Pero' non poteva non notare una serie di piccoli indizi che indicavano che qualcosa stava per accadere. E' strano, si diceva, a volte per mesi e mesi non succede niente di strano e poi ad un tratto si hanno tanti piccoli segni.
Come una caduta senza conseguenze fatta proprio il giorno che i suoi parenti erano partiti ed era ancora euforico per il buon andamento del soggiorno nel suo paesino sotto la montagna. Dopo 3 anni era ricaduto daccapo e quell'improvviso ritrovarsi con la terra che urtava il suo corpo in varie parti lasciandogli gomiti sbucciati, la pelle blu in un punto e un dolore nel ginocchio, lo aveva, in maniera brutale, riportato alla realta' del suo vecchio corpo che cominciava a faticare ad autoripararsi. Dopo una settimana era quasi tutto passato ma non poteva evitare di chiedersi: chi mi risollevera' la prossima volta che cado? Come tutti i vecchi temeva la solitudine e le cadute. Ed aspettava terrorizzato LA CADUTA.Eppure, si diceva, la caduta e' qualcosa di naturale nei bambini che cadono in continuazione. Bisognerebbe allenarsi a cadere bene e a non temere piu' le cadute invece di vivere in continuazione nel terrore di cadere. Come quando in inverno la terra gelava ed aveva paura di scivolare. Oppure dopo la pioggia alcune strade diventavano sdrucciolevoli.
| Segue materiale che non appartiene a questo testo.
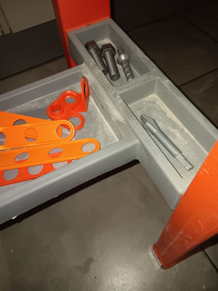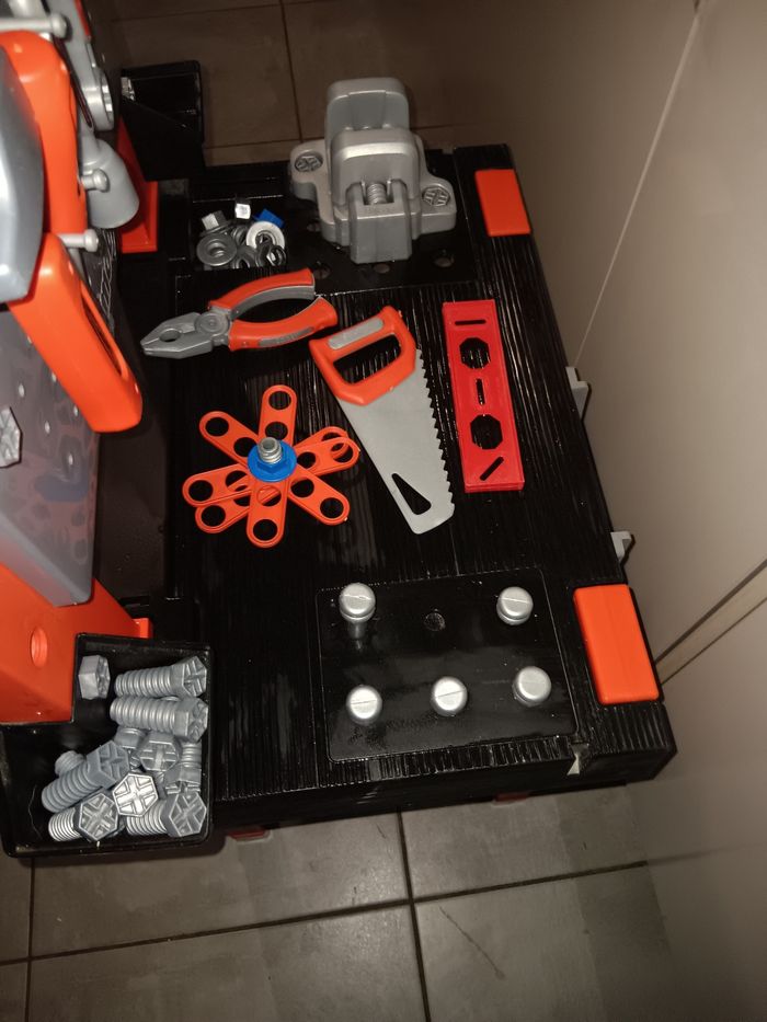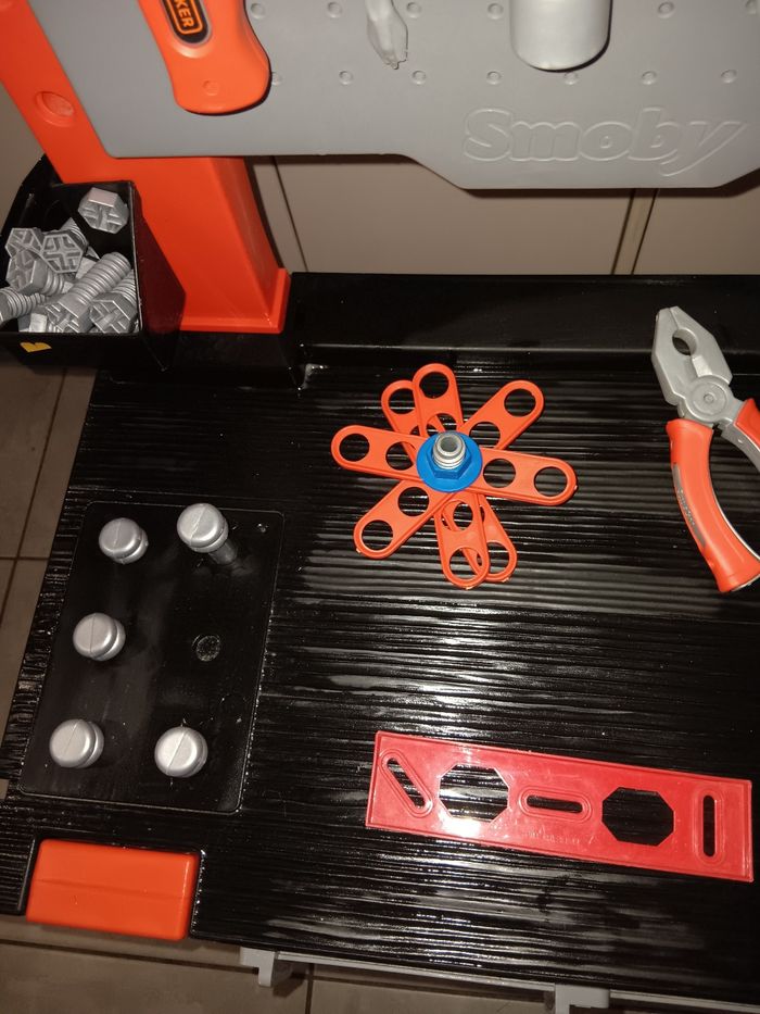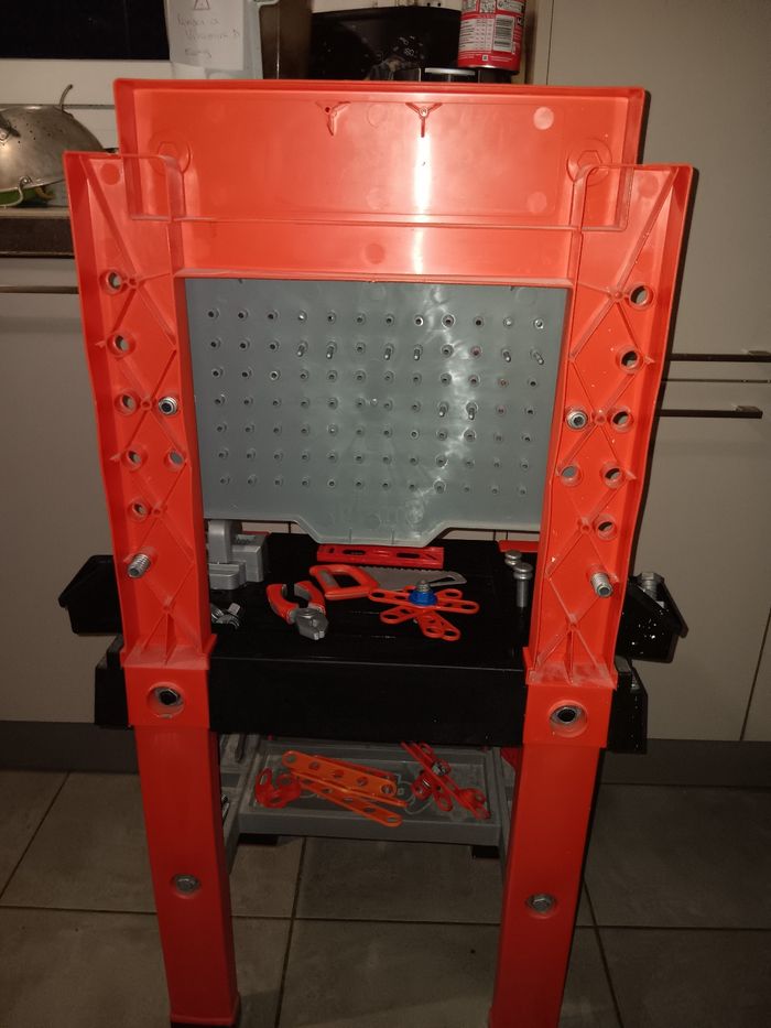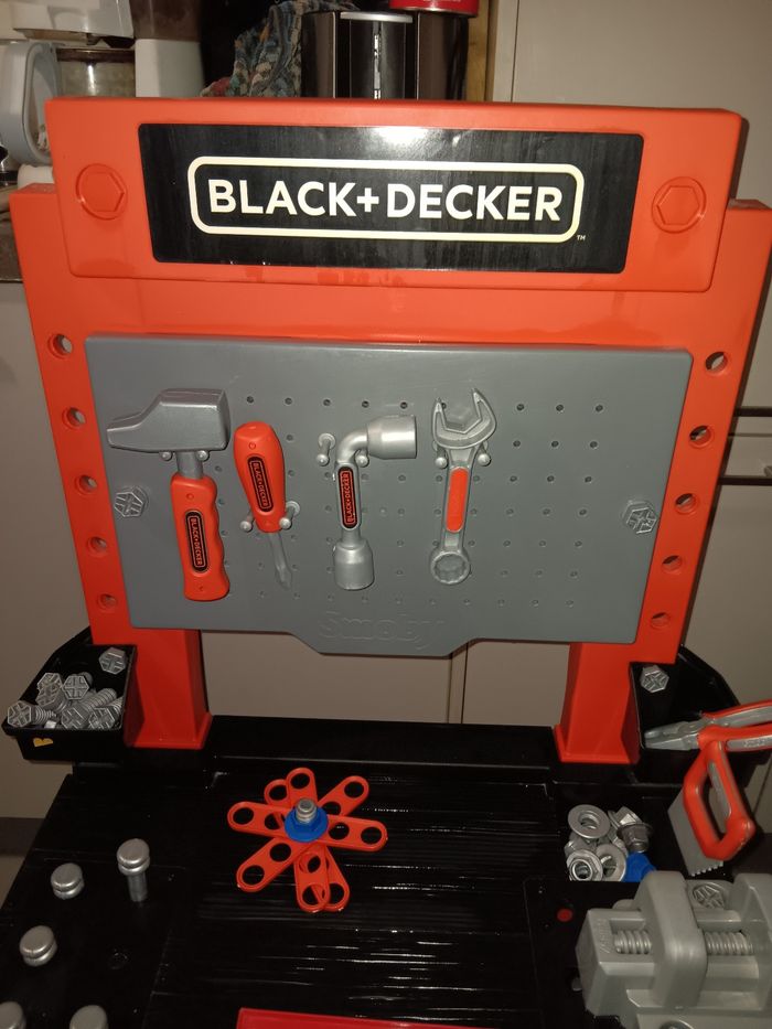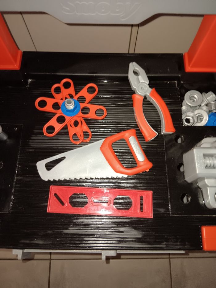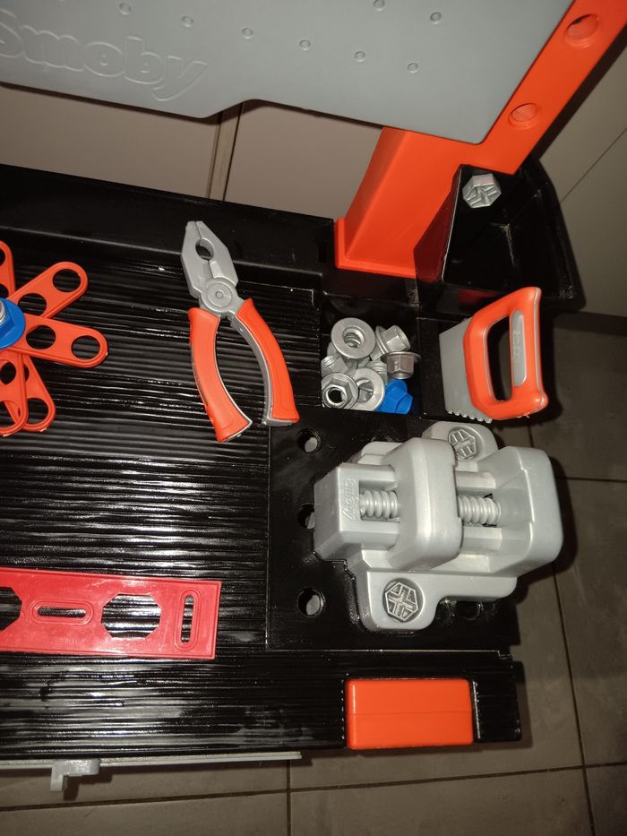 L'etabli Black+Decker de Smoby. Jouet magnifique pour les petits bricoleurs,. convient dès 3 ans. Il comprend un grand nombre de fonctionnalités et d'accessoires, ce qui en fait une garantie d'heures de plaisir et de bricolage pour les bricoleurs et les inventeurs. Avec beaucoup d accessoires, comme marteau, tournevis, pinces, clés et scie, 20 vis et un niveau. L'atelier pour garçons comprend plusieurs espaces de rangement et boîtes pour les petites vis et autres outils nécessaires pour un bricoleur. La table de travail pour garçons est dotée de 4 pieds stables et est fabriquée en plastique de qualité . En superbe état

Bisognerebbe creare dei recinti di materiale gonfiabile per i vecchi e li mettersi a saltare e cadere in continuazione , come fanno i bambini in alcuni loro giochi.
Un altro segno era stata la solita piaga provocata da una puntura di insetto alla caviglia. Quest'anno era accaduto all'altra gamba e nonostante fosse preparato da cio' che era successo l'anno prima, aveva dovuto constatare di non poter fare niente: il suo corpo aveva difficolta' a guarire le ferite all'estremita' inferiori. Cio' che sul braccio guariva in una settimana, richiedeva piu' di un mese per guarire sulla caviglia.Ormai, come diceva il suo dottore, doveva imparare a convivere con questo.
Una sera scopri' che la chiave della sua casa sotto la montagna non riusciva a chiudere la porta.Un altro segno.
Aveva messo qualcosa in un deposito alla stazione (chiave 244). Un giovane con la bicicletta pieno di borse (un turista) gli si avvicina e gli chiede se lo sportello era vuoto. Temeva di non aver preso tutto. Un altro segno.
Per la prima volta scordo' a casa l'orologio digitale che portava sempre con se e gli scandiva il suo tempopersonale.
La mattina fece cadere 4 delle 11 monetine amuleto che portava sempre con se. Riusci' in qualche modo a recuperane solo 3.
La sua macchina, quando metteva in moto, gli chiudeva automaticamente le porte.
Insomma tanti piccoli segni indecifrabili. C'e' una spiegazione straordinaria che alcune persone danno a questo: questo succede quando siete stati stregati. Ecco un'affascinante spiegazione che ognuno puo' dare ai suoi problemi. Una spiegazione che permette anche in qualche modo di risolverli. Infatti basta trovare chi vi ha stregato e controbattere con una contro magia ancora piu' potente. E' incredibile pensare, si diceva l'uomo delle liste, che qualcuno ancora creda a queste cose. Ma la verita' e' che queste cose esistono davvero e funzionano. Ci sono migliaia di maghi che campano di questo. Solo che la spiegazione e' molto semplice : come esiste l'effetto placebo, cosi' esiste l'effetto nocebo. Insomma e' il nostro cervello che ci suggestiona e provoca tutto. Quando riusciremo a capire come fa, diventeremo tutti maghi come Harry Potter.